== Segment start ==
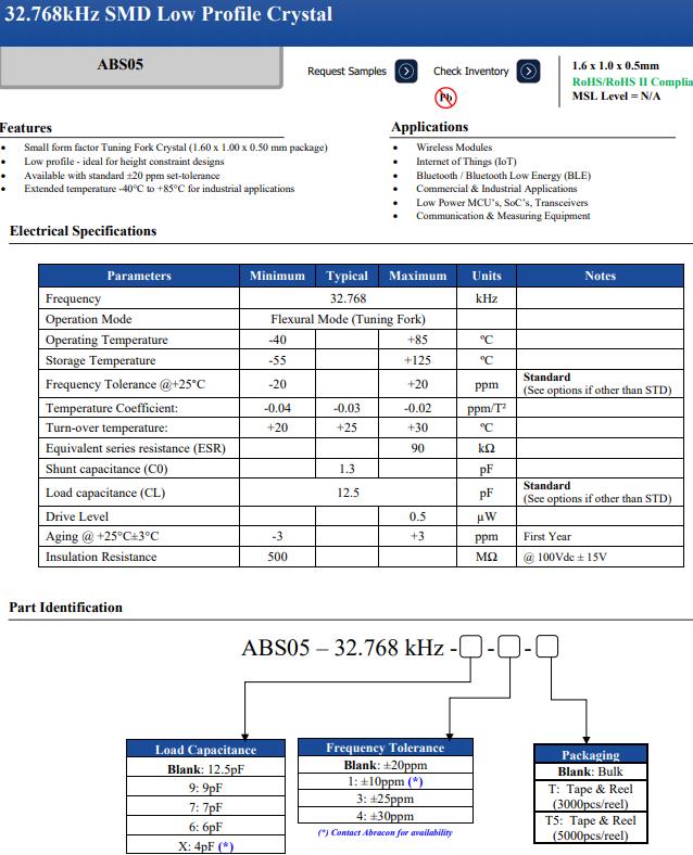 編碼ABS05-32.768KHZ-T,SMD晶振,小尺寸音叉晶體(1.60 x 1.00 x 0.50mm包裝),低輪廓-理想的高度限制設計,可提供標準±20ppm設置公差,工業(yè)應用擴展溫度-40°C至+85°C,應用范圍:無線模塊,物聯(lián)網,藍牙/藍牙低能量(BLE),商業(yè)和工業(yè)應用,低功耗MCU, SoC,收發(fā)器,通信和測量設備
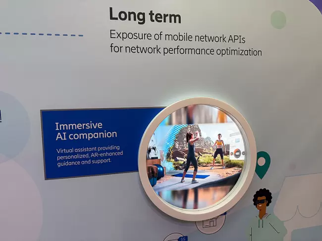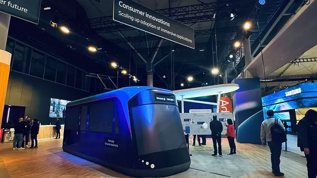 在展区内,你还可以看到一辆非常具有未来感设计的通勤火车,在这里我们可以通过AR眼镜,体验远程参与办公会议、视频的场景。爱立信还与Meta、苹果等厂商还在继续探索XR技术未来在工业培训、娱乐等领域的潜力。
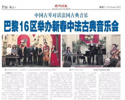 为庆祝中国新年,巴黎十六区市政府邀请巴黎古琴协会、茉莉中法音乐家联盟于2019年2月16日联合举办了“交织的风景”中法古典音乐会。据悉,这是十六区政府首次举办中国春节庆典活动。巴黎十六区聚集着众多的外国使馆、博物馆,文化艺术气息浓厚。作为一台传统与现代交融、东方与西方对话的高雅艺术盛会,此次音乐会得到了十六区政府及中法民众的认可与支持。
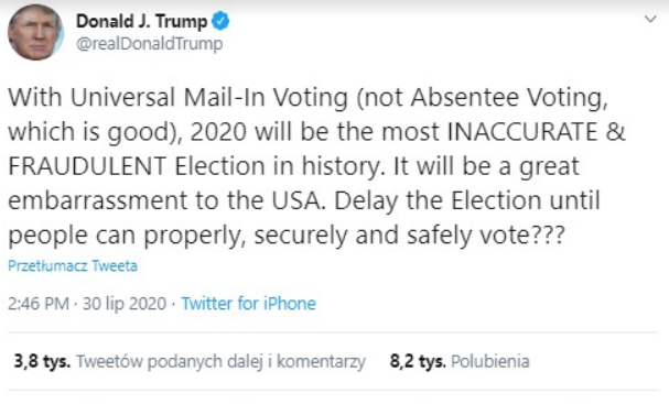 Donald Trump zaczyna odczuwać możliwą przegraną w zbliżających się wyborach w Stanach Zjednoczonych. W swoim ostatnim tweecie sugeruje, że przy obecnym stanie pandemii głosowanie może nie być najlepszym pomysłem. Co jednak w przypadku, jeśli faktycznie miałoby dojść do przesunięcia tych wyborów?
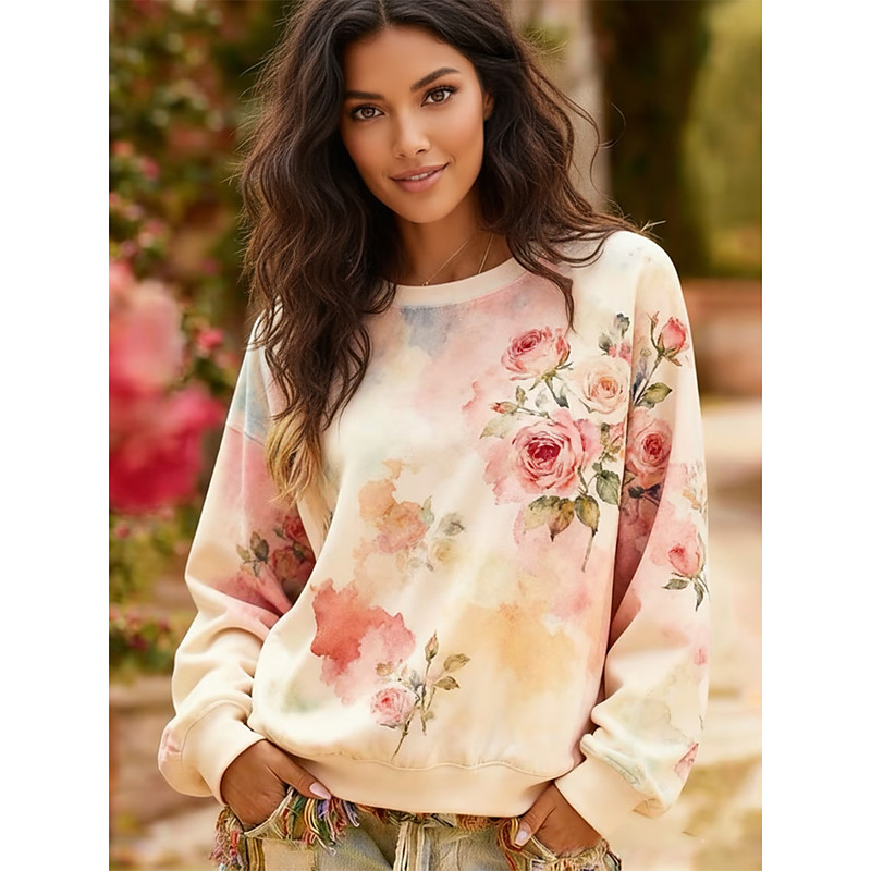 Women's Pullover Sweatshirt Floral Casual Long Sleeve Crew Neck Regular Tops Street Dailywear Casual Pink Spring Fall Winter
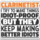 Funny Clarinetist Sayings "Clarinetist I Try To Make Things Idiot Proof But They Keep Making Better Idiots". Grab this Funny Clarinetist design as a funny gifts for an awesome mum, dad or friend.
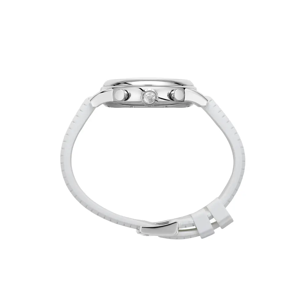 Серебристый циферблат, защищённый сапфировым стеклом, оснащён тремя счетчиками и удобным индикатором даты между 4 и 5 часами. Спортивный дух подчеркивается белым каучуковым ремешком с тонким рельефом и классической пряжкой, обеспечивающей максимальный комфорт.
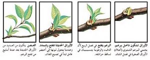 1- تكون البراعم متبادلة وحلزونية كما في نبات الدردار والزيزفون و التفاح.
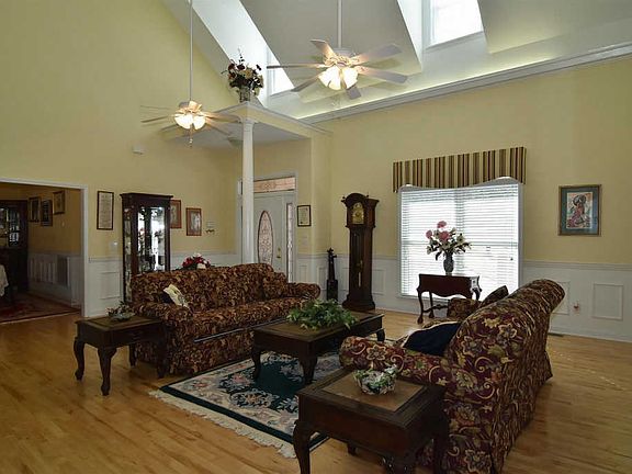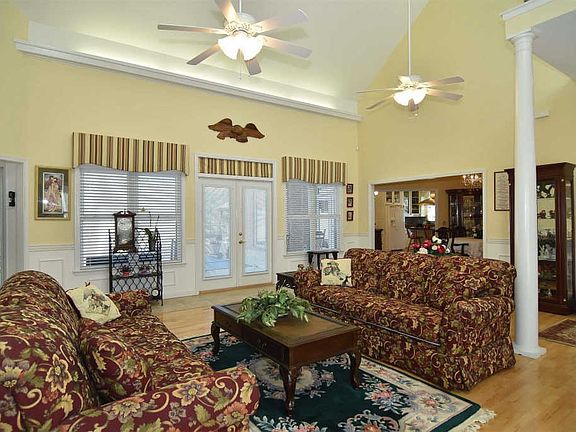 Truly a one of a kind retreat on almost 2 acres in the heart of Lexington. Every inch of this one story home is custom designed for easy living. Wonderful formal living room with cathedral ceilings opens into a large formal dining room with wainscoting and high ceilings. Custom hardwood floors throughout this home. The eat in kitchen is beautifully designed with tons of storage, great island, and a custom pantry you have to see to believe. A keeping room off the kitchen is a great place for family gatherings. The huge master bedroom is real retreat with french doors that open onto the beautiful patio overlooking the pool and a large private bath with a custom marble shower and walk in closet. The two additional bedrooms with high ceilings are massive. The outdoor living is what makes this home so special. Almost two acres of manicured yard. Over 1700sq foot patio surrounds a beautiful inground pool and a gorgeous pool house. A built in storage room makes for the perfect man cave. Zoned for River Bluff High School. This home has it all.
== Segment end ==
WHAT THE TASK REQUIRES:
Set down word for word, from the line that contains "Women's Pullover Sweatshirt" to the end of the listing above, every line and no picture.

SOLUTION TO THE PROBLEM:
 Women's Pullover Sweatshirt Floral Casual Long Sleeve Crew Neck Regular Tops Street Dailywear Casual Pink Spring Fall Winter
 Funny Clarinetist Sayings "Clarinetist I Try To Make Things Idiot Proof But They Keep Making Better Idiots". Grab this Funny Clarinetist design as a funny gifts for an awesome mum, dad or friend.
 Серебристый циферблат, защищённый сапфировым стеклом, оснащён тремя счетчиками и удобным индикатором даты между 4 и 5 часами. Спортивный дух подчеркивается белым каучуковым ремешком с тонким рельефом и классической пряжкой, обеспечивающей максимальный комфорт.
 1- تكون البراعم متبادلة وحلزونية كما في نبات الدردار والزيزفون و التفاح.
 Truly a one of a kind retreat on almost 2 acres in the heart of Lexington. Every inch of this one story home is custom designed for easy living. Wonderful formal living room with cathedral ceilings opens into a large formal dining room with wainscoting and high ceilings. Custom hardwood floors throughout this home. The eat in kitchen is beautifully designed with tons of storage, great island, and a custom pantry you have to see to believe. A keeping room off the kitchen is a great place for family gatherings. The huge master bedroom is real retreat with french doors that open onto the beautiful patio overlooking the pool and a large private bath with a custom marble shower and walk in closet. The two additional bedrooms with high ceilings are massive. The outdoor living is what makes this home so special. Almost two acres of manicured yard. Over 1700sq foot patio surrounds a beautiful inground pool and a gorgeous pool house. A built in storage room makes for the perfect man cave. Zoned for River Bluff High School. This home has it all.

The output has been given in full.